David Susskind was one of the most prolific yet overlooked producers in the history of American film and television. Susskind’s company Talent Associates (TA for short) was responsible for dozens of feature films and thousands of hours of small screen entertainment over the years. Included in his oeuvre are the sitcoms Get Smart, He & She, the original Supermarket Sweep, the made-for-TV productions Eleanor & Franklin, Blind Ambition, and Requiem for a Heavyweight, and such feature films as A Raisin in the Sun, Fort Apache the Bronx, Alice Doesn’t Live Here Anymore, and Lovers and Other Strangers.
Of course, David Susskind is also known for his epically long-running (1958-1986), eponymous talk show.
The David Susskind Show was taped weekly in New York City and then syndicated across the nation, most often over PBS stations. Each episode typically addressed two topics. Given the show’s 28 year run, a full list of David Susskind Show topics, airdates, and guests runs to a staggering 160-plus pages.

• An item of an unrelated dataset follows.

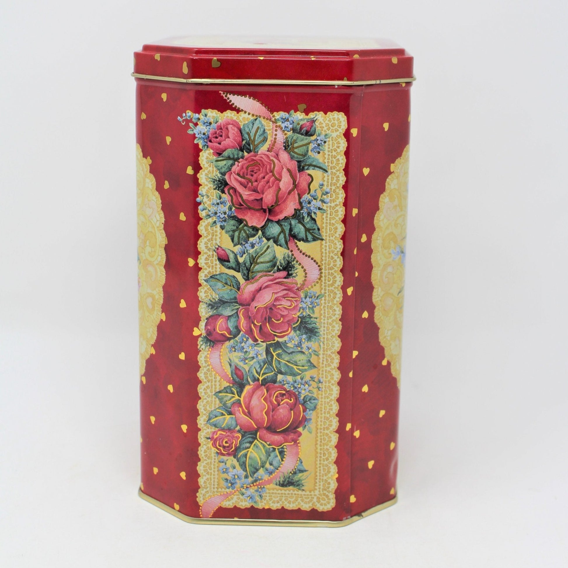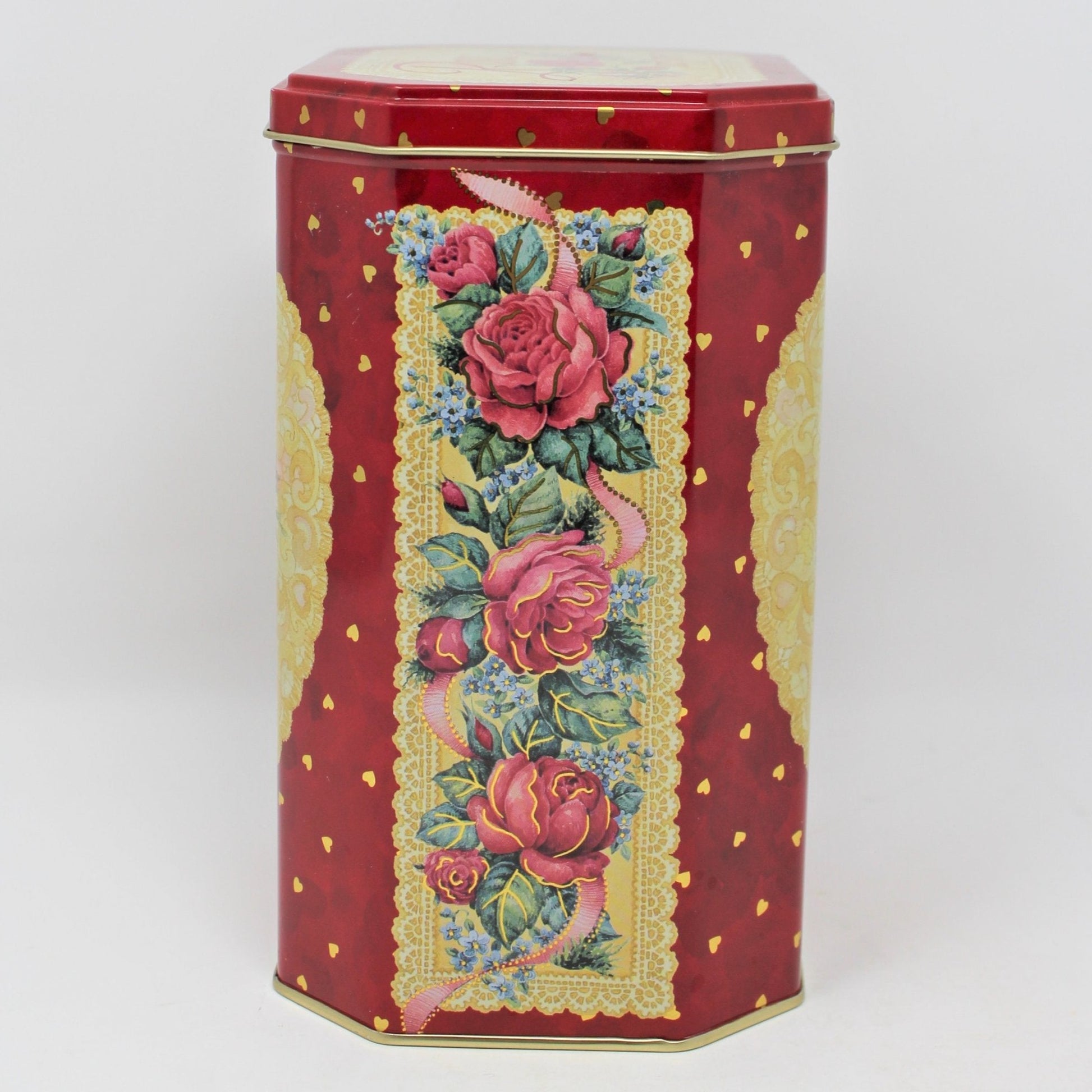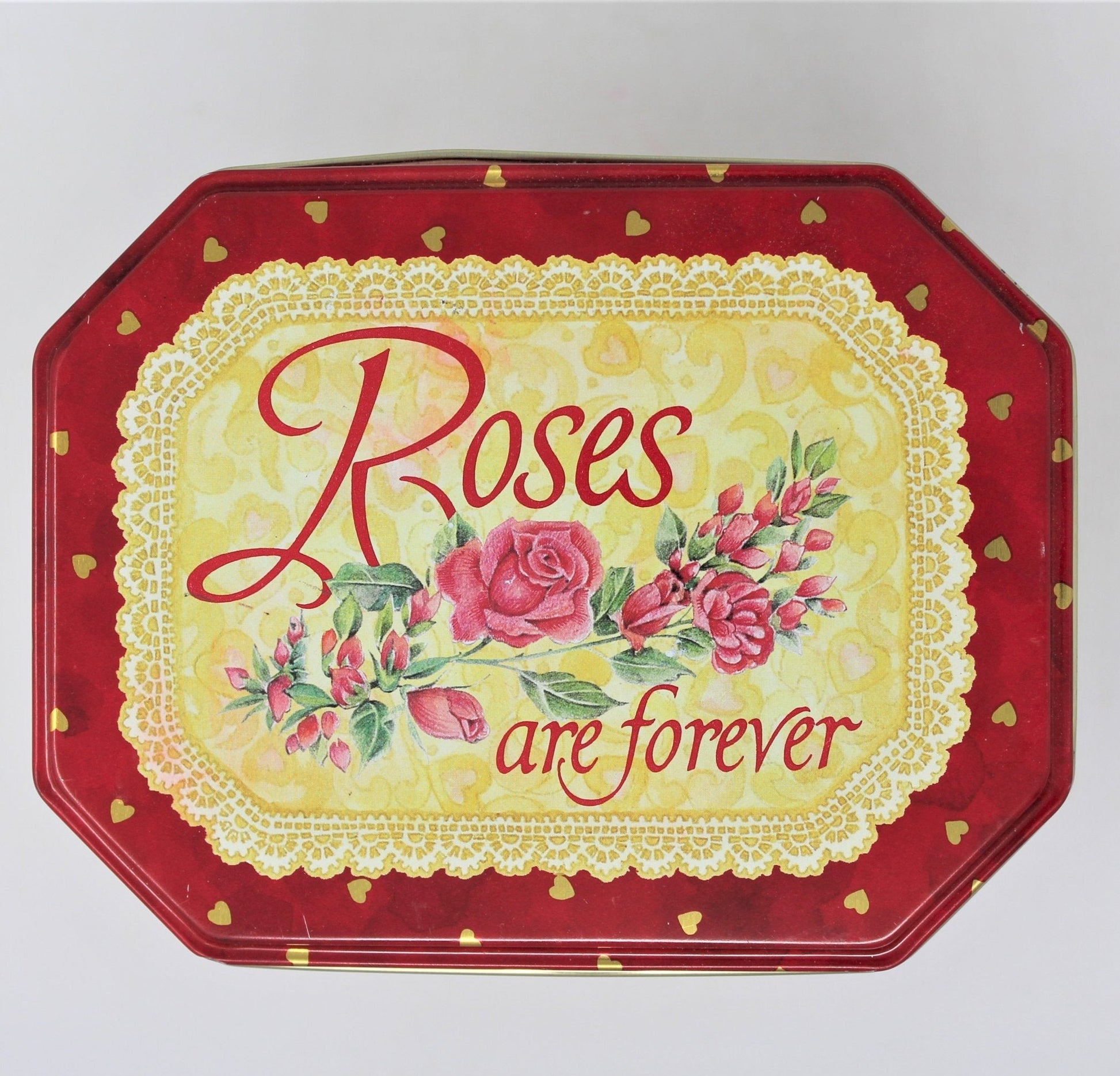 - Vintage Collectible Tin, Roses and Hearts, Roses are Forever, Valentine's Day Decor, Gift Tin, English Biscuit Tins, Decorative Tin, Romantic Theme, Pink Rose, Red with Gold Hearts, Storage Container, (Discontinued)
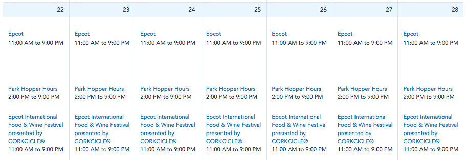 Meanwhile, EPCOT will be open from 11AM-9PM. And as far as special events go, this park is hosting the 2021 Food and Wine Festival!

The depth and breadth of subjects discussed on Susskind—not to mention his star-studded guest lists—reads like an annotated history for the second half of the 20th century. A very small sample:
1959: “Words and Wit” with guests Truman Capote, Dorothy Parker, and Norman Mailer
1960: Soviet Premier Nikita Khrushchev
1963:“LSD: Madness or Miracle?”
1965: “4 Draftees in a Hot Debate on Going to Viet Nam”
1966: “Are Cigarettes a Killer?”
Unfortunately, the majority of Susskind talk programs from the 1960s do not survive—either lost, destroyed or taped over. But what remains makes for fascinating viewing. Consider:
1971: “What It Means to Be a Homosexual”
1972: “Nice White People Scream ‘Blacks Stay Out of Our Neighborhood!’”
1972: “Is A Woman’s Body Her Business?—The Abortion Battle”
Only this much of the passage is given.